Trespassing(32)
Can’t remember.
Or maybe I never paid attention.
Without a body, I can’t bury my husband, and his remains are still en route. He’ll be delivered to the same funeral home that took my mother. Lincoln and his partner have made the arrangements for me.
It’s surreal. I won’t believe Micah’s really gone until I’m holding his death certificate, until he’s officially stamped not alive. And maybe even then I won’t believe it.
If I’d known that cha-cha would be our last . . .
If I’d known, if I’d known, if I’d known . . .
A blink later, I look toward the sink, and Claudette is no longer there.
It’s dark outside.
Despite the late hour, Bella is coloring at her table, and a syndicated sitcom blares from the television set. A witty line—Actually, it’s Miss Chanandler Bong—precedes laughter.
My abdomen is still tender with yellowing bruises from weeks of IVF needles, and I’m nauseous with the drastic hormonal shifts taking place in my body now that I’ve abruptly stopped the injections.
The shift in this house is just as drastic. One minute, I was prepping for a baby with my husband, and now I’m . . .
I don’t know what I’m doing now.
I’m not decorating the nursery. I’m not shopping for onesies and tiny Chicago White Sox wind suits. I’m not doing much of anything . . . including being a mother.
“She is not, Nini.” Elizabella’s voice isn’t much more than a whisper. “She’s just sad.”
I suddenly realize I can’t remember the last time I interacted with my daughter. Judging by the plethora of wrappers littering her table and the floor around it, she’s been grabbing snacks when she’s hungry. I have vague recollections of opening a juice box or two, but beyond that . . . I swallow a sob . . . I’ve been nearly catatonic. “Bella.”

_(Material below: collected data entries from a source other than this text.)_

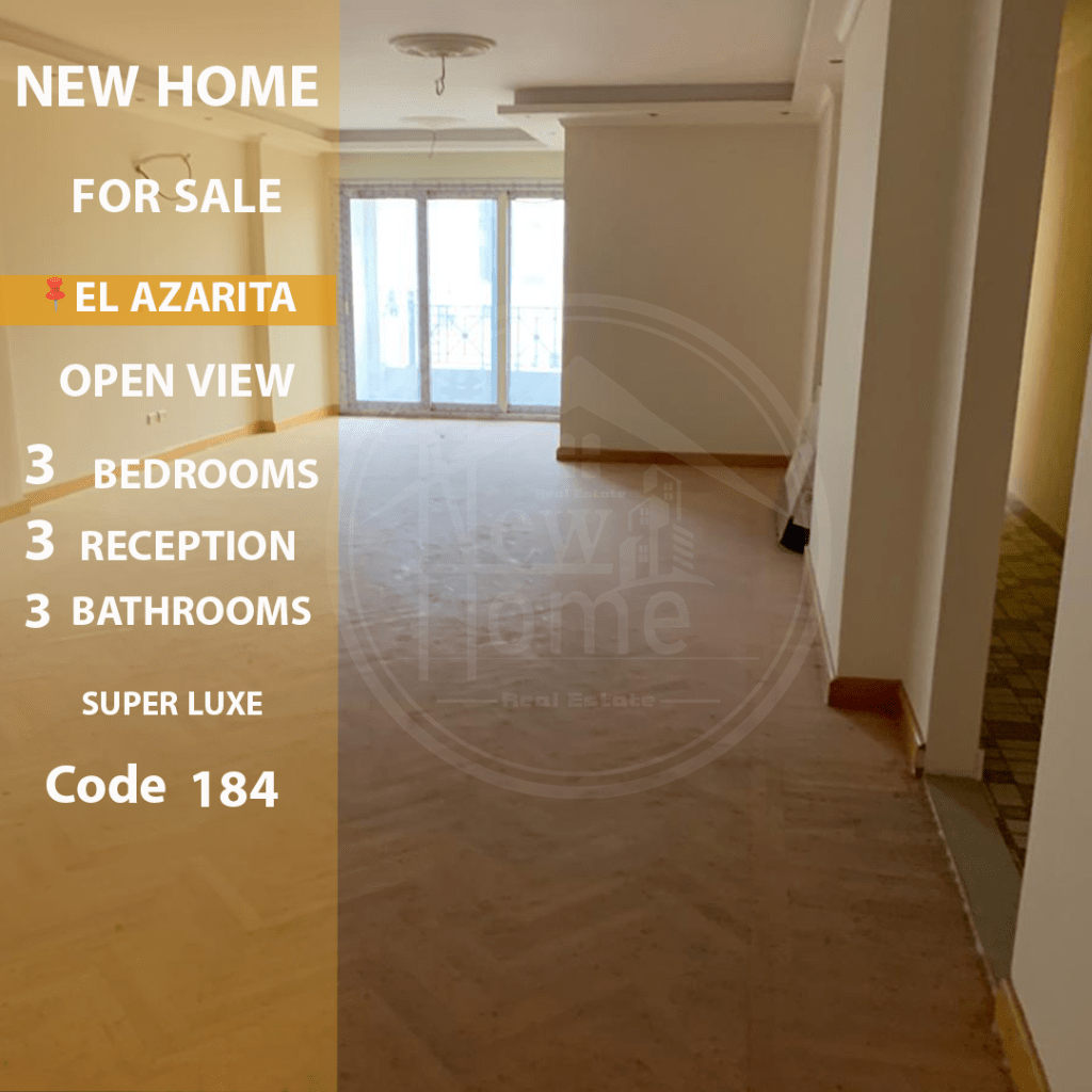 شقة للإيجار 179م الأزاريطة - السعر 35000ج 3 غرف (منهم غرفة ماستر) 3 ريسبشن، 3 حمام الدور 7، عمارة 11 دور تشطيب سوبر لوكس شقة مرخصة، بناء 2000كاملة عدادات عدد 2 مصعد فيو مفتوح الكود 0184 - الوكيل/ روان محمود
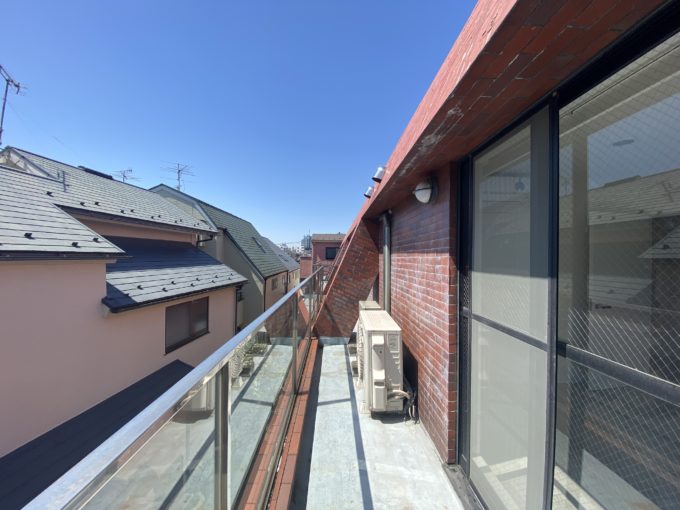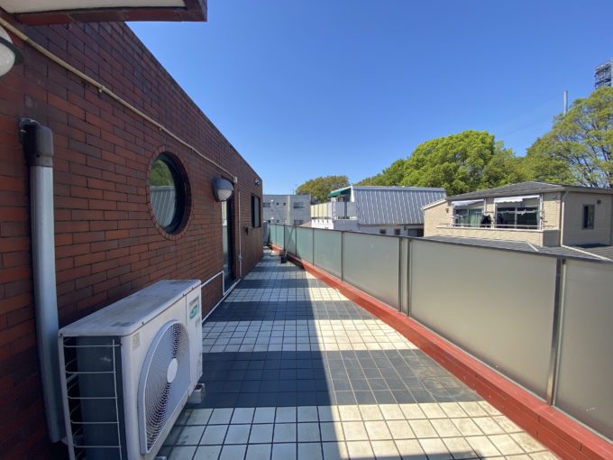 門扉を開けば広々テラス、そしてその先には駒沢公園が望めました。ちょうど硬式野球をやられていて、賑やかな掛け声が聞こえてきました。
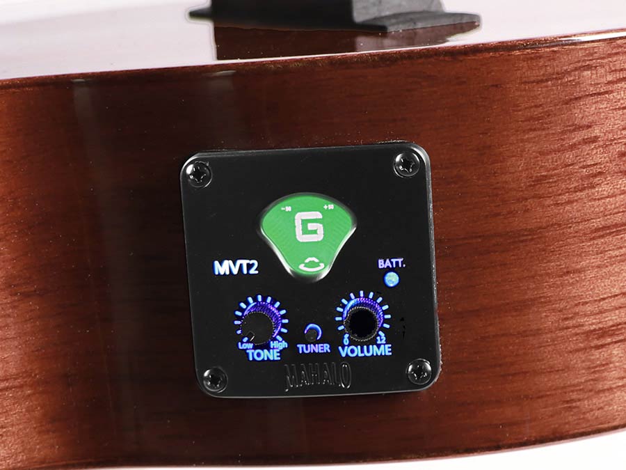 Deze ukulele is uitgerust met het Mahalo MVT2 voorversterkersysteem inclusief onderzadel-pickup en ingebouwde LCD-tuner, ideaal voor versterkt spelen op het podium of in de studio. Aquila Super Nylgut snaren, een Graph Tech NuBone XB zadel en vergulde Waverly-stijl stemmechanieken zorgen voor optimale toonbalans en betrouwbaarheid. De MJ2VTVNA wordt compleet geleverd met een gevoerde gigbag en schouderband.
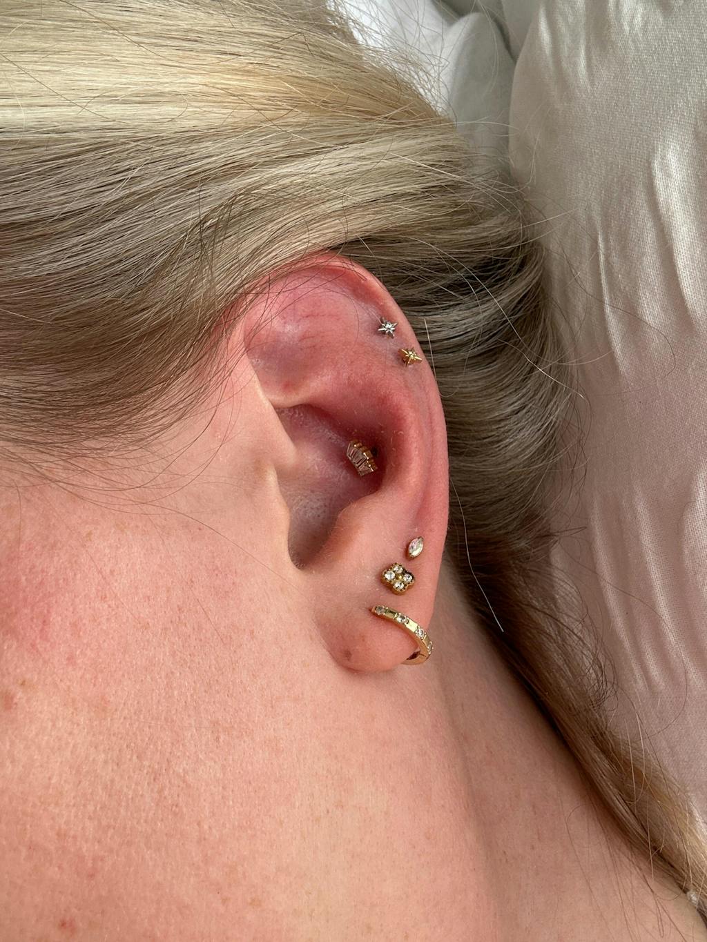 Iridescent sparkle with a refined shape. The AB Marquise Piercing is set with an aurora borealis marquise-cut cubic zirconia, catching light in shifting rainbow tones. Designed for everyday comfort, it adds a playful yet polished touch to your ear stack.
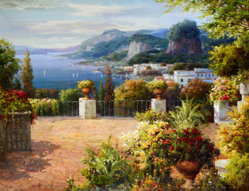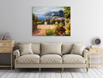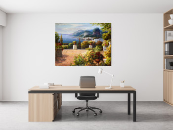 Our Mediterranean image depicts the beauty of the Mediterranean coast. The painting with artists attention to detail and ability to invoke depth with the skilled use of light and shadowing creates certain desire to visit this romantic landscape while bringing beauty to the setting it is placed. It comes gallery wrapped and ready to hang. The finished image size is 24 x 36 inches. A Le Beau Giclee is a Museum quality recreation of an original top artistswork on canvas by AFD. The techniques used are one of the most accurate forms of art reproduction today, utilizing 100% archival inks and acid-free canvas. Each Le Beau Giclee is a masterpiece creation and are hand embellished by a professional artist in our studio to achieve the rich texture and depth of the final delivered artwork making it almost indistinguishable from the original oil painting. Now allowing some of the finest oil paintings to no longer be exclusive to museums and private collectors and often due to price making the most beautiful paintings ever created unobtainable for enjoying by others. A Le Beau Giclee will remain an heirloom piece with display time of well over 100 years.
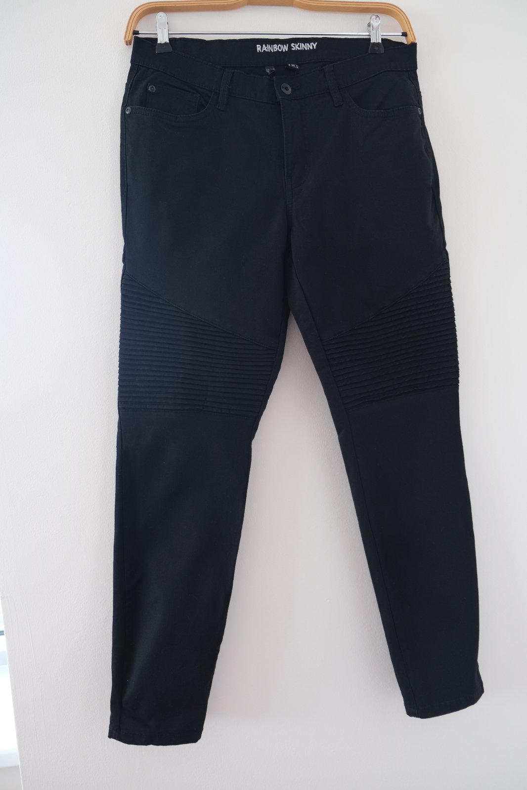 ✨ Popis tovaru: Úzke skinny 5 vreckové nohavice prešívané na kolenách nie moc hrubé podobné ako rifle ,pevná látka s elastanom ako bengalin
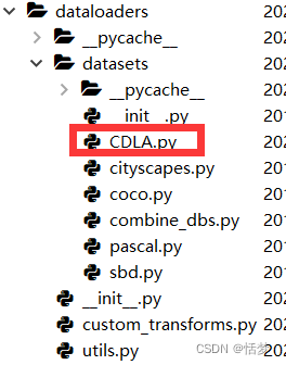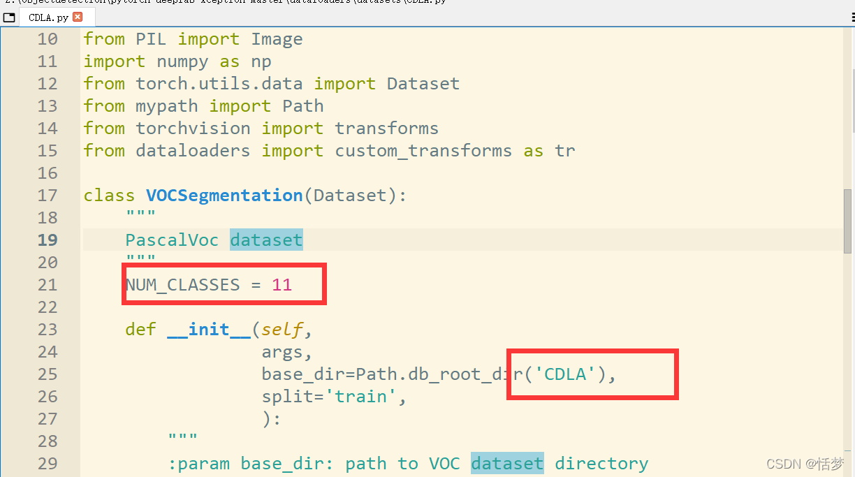 (2)在dataloaders/datasets路径下创建自己的数据集文件,这里创建CDLA.py,因为我使用的是voc格式,所以直接将pascal.py内容复制过来修改为自己的数据集以及类别数,此处我处理的数据为11类。
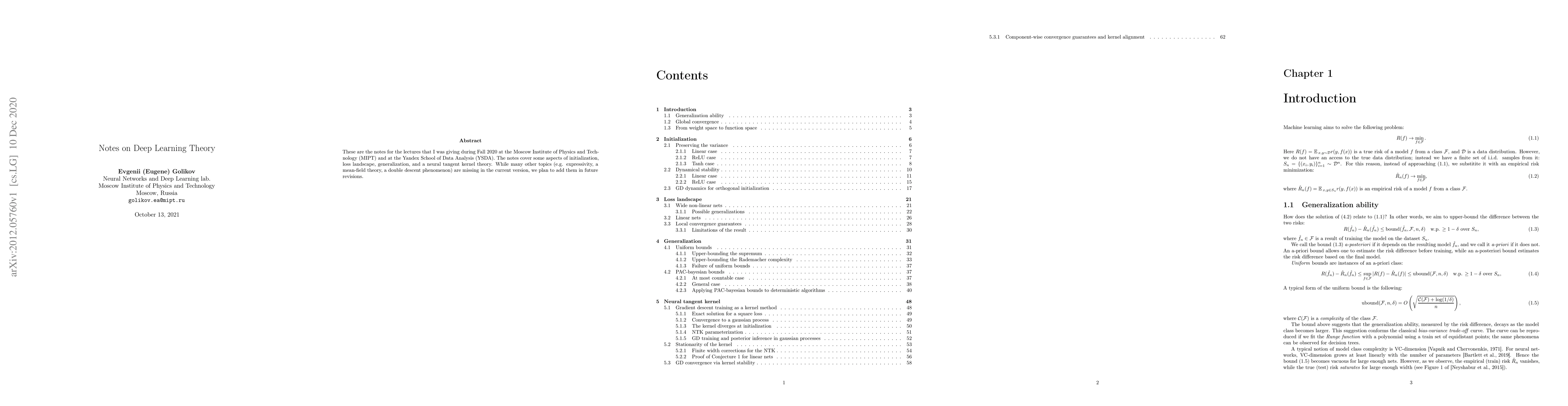 These are the notes for the lectures that I was giving during Fall 2020 at the Moscow Institute of Physics and Technology (MIPT) and at the Yandex School of Data Analysis (YSDA). The notes cover some aspects of initialization, loss landscape, generalization, and a neural tangent kernel theory. While many other topics (e.g. expressivity, a mean-field theory, a double descent phenomenon) are missing in the current version, we plan to add them in future revisions.
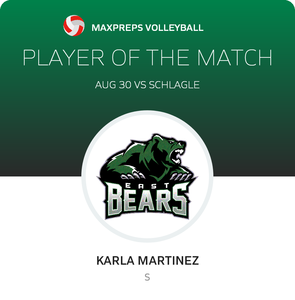 Congratulations to #13 Karla Martinez for being selected the East Volleyball Player of the Match.

She startles a little when I call her name. Her eyes widen.
“Bella, come here.” I’m out of my chair, gravitating toward her.
Pick up the pieces.
Just like after Mama died.
Like after the miscarriage.
Bella needs me.
“Mommy.”
Her body feels smaller than ever in my embrace.
“It’s okay,” I say.
“He’s at God Land.”
That’s what they tell me.
She pecks a tiny, wet kiss onto my cheek.
I stare out over the fairway and imagine the energy of summer on the course. Early tee times. Fair play. The faint scent of cigarette smoke drifts on the air.
A split second later, I see it: the intermittent orange glow against a black felt sky. Someone puffing on a smoke.
I lock my gaze on it, and somehow I know he’s staring at us. Watching us.
Or . . . I tighten my arms around Elizabella.
Maybe it’s not me he’s looking at.
I could call the police. But I can’t prove he’s casing our house, and I don’t know what they would charge him with if they apprehended him.
Still, I hike Bella onto my hip and slink toward the sliding glass door. I turn the bolt and yank down the Roman shade to shut out the rest of the world. But then, I catch sight of the windows in the breakfast room. We live in a fishbowl. All these windows!
She wiggles. “Down.”
I let her down, when all I really want to do is keep her next to me in one of those slings I used when she was a baby.
“Just a minute, baby. Stay right with me.”
Frantically, I pull on cords, lower blinds. Rip at tiebacks. Catch sight of more glass in the kitchen, then in the dining room. Curtains fall over the windowpanes.
My legs are shaking as I dart to the front door and engage and reengage the two locks on it.
Bella’s shriek sends an adrenaline shot to my heart.
“Mommmmmmy!”
I trip on the rug in the foyer but catch myself against the wall to prevent a fall.
“Mommmmmmy!”
“Bella!” I’m nearly out of breath by the time I see her, screaming, pointing at the shades I just lowered over the patio doors. “Bella! What’s wrong?”
She’s sniffling over her words: “Nini. Nini saw.”
I fold my arms around her and pull her to the sofa. “What, baby? What did Nini see?”
Bella’s brown eyes, reddened at the rims with either fatigue or tears, widen. “Mommy.” A pair of fat tears curb over her pink cheeks.
I tighten my grip.
“I’m gonna go be with Daddy.”
Chapter 15
“Bella, listen to Mama.” I take a deep breath. “Daddy is at God Land. It’s true, but you’re safe at home with me.”
Her cheeks puff out in frustration.
I reach for my phone when it rings and recognize the number as Detective Guidry’s.
Elizabella settles in on my lap.
I take the call. “Hello.”
“Mrs. Cavanaugh, we have a lead on your husband’s car.”
My mouth is dry, as if I’m about to cough. I don’t know why his car matters, if his plane has crashed, if he’s dead.
“Mrs. Cavanaugh?”
“I’m here,” I manage to say.
“I know it’s getting late, but would you mind if I stopped by?”